• Information supplied:

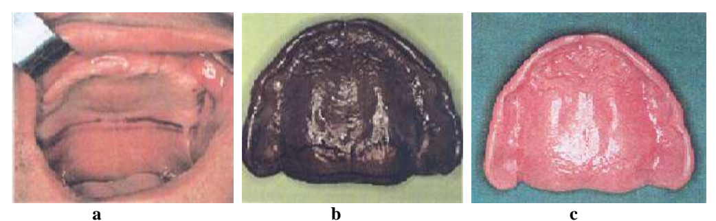
Fig 2: a- high resilience vibration zone, b- functional recording of the Postdam area, c- reflection of the vibration zone in the final denture.

mucosal tissue in the vibration area, by acting as a barrier for air pressure, similar to the gouge process in
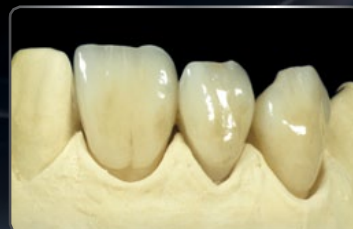
FINAL RESTORATION OFFERING COLOR AND GLOSS
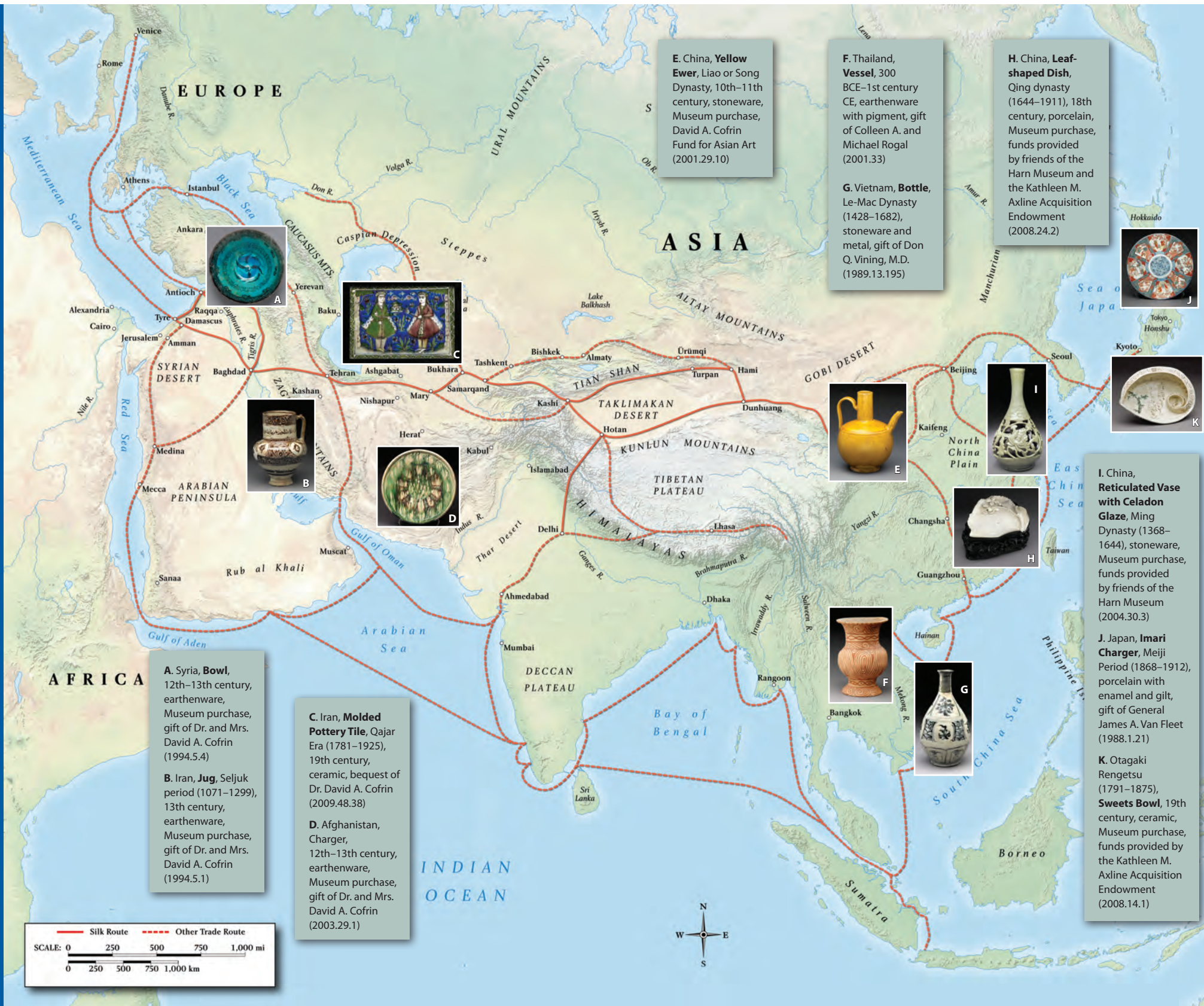
E. China, Yellow Ewer, Liao or Song Dynasty, 10th–11th century, stoneware, Museum purchase, David A. Cofrin Fund for Asian Art (2001.29.10)
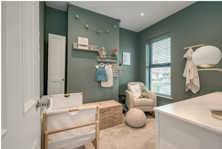
BEDROOM (3): 8' 7" x 8' 3" (2.62m x 2.51m)
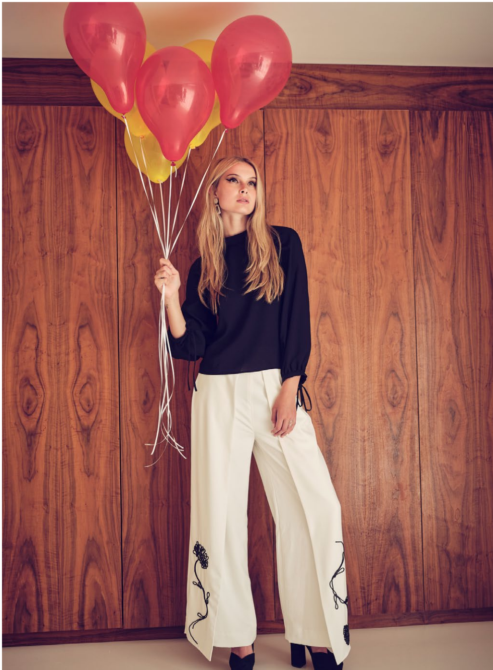
TPS2124 BETH TOP TRS2135 CURT TROUSER
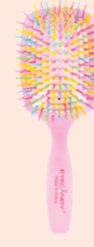
Paddle Neo Pink
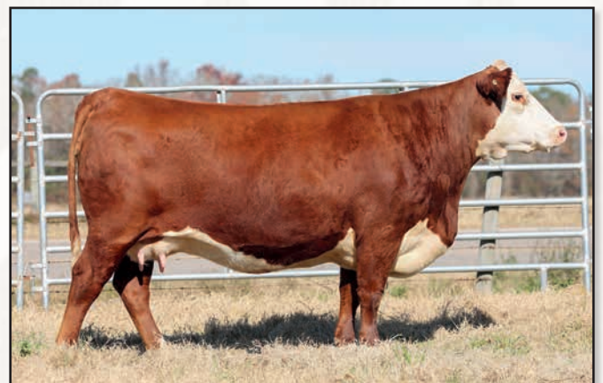
DESTIN DIXIE 174E W117 – MATERNAL SISTER TO LOT 125.
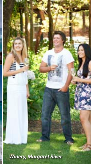
Winery, Margaret River
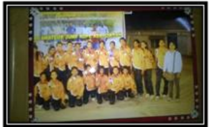
All the winners of 12th Senior National Jump Rope Championship 2015-16
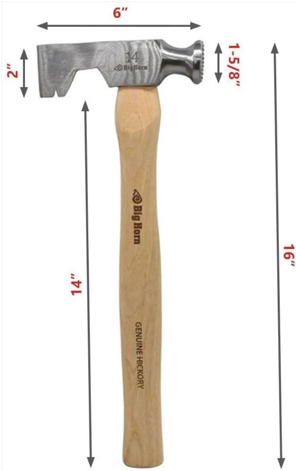
Figure 5: Dimensional overview of the Big Horn 15140 Drywall Hatchet.

Detailed specifications for the Big Horn 15140 Drywall Hatchet:
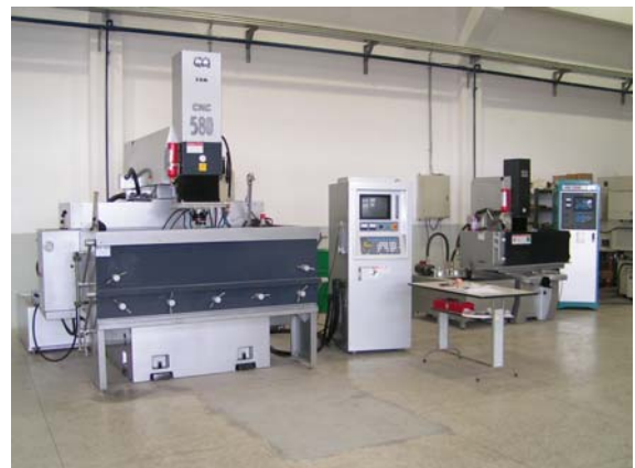
Electric Discharge Machine

• Task prompt: Copy the records exactly. Skip the images.

• Solved exercise:
Fig 2: a- high resilience vibration zone, b- functional recording of the Postdam area, c- reflection of the vibration zone in the final denture.

mucosal tissue in the vibration area, by acting as a barrier for air pressure, similar to the gouge process in
FINAL RESTORATION OFFERING COLOR AND GLOSS
E. China, Yellow Ewer, Liao or Song Dynasty, 10th–11th century, stoneware, Museum purchase, David A. Cofrin Fund for Asian Art (2001.29.10)
BEDROOM (3): 8' 7" x 8' 3" (2.62m x 2.51m)
TPS2124 BETH TOP TRS2135 CURT TROUSER
Paddle Neo Pink
DESTIN DIXIE 174E W117 – MATERNAL SISTER TO LOT 125.
Winery, Margaret River
All the winners of 12th Senior National Jump Rope Championship 2015-16
Figure 5: Dimensional overview of the Big Horn 15140 Drywall Hatchet.

Detailed specifications for the Big Horn 15140 Drywall Hatchet:
Electric Discharge Machine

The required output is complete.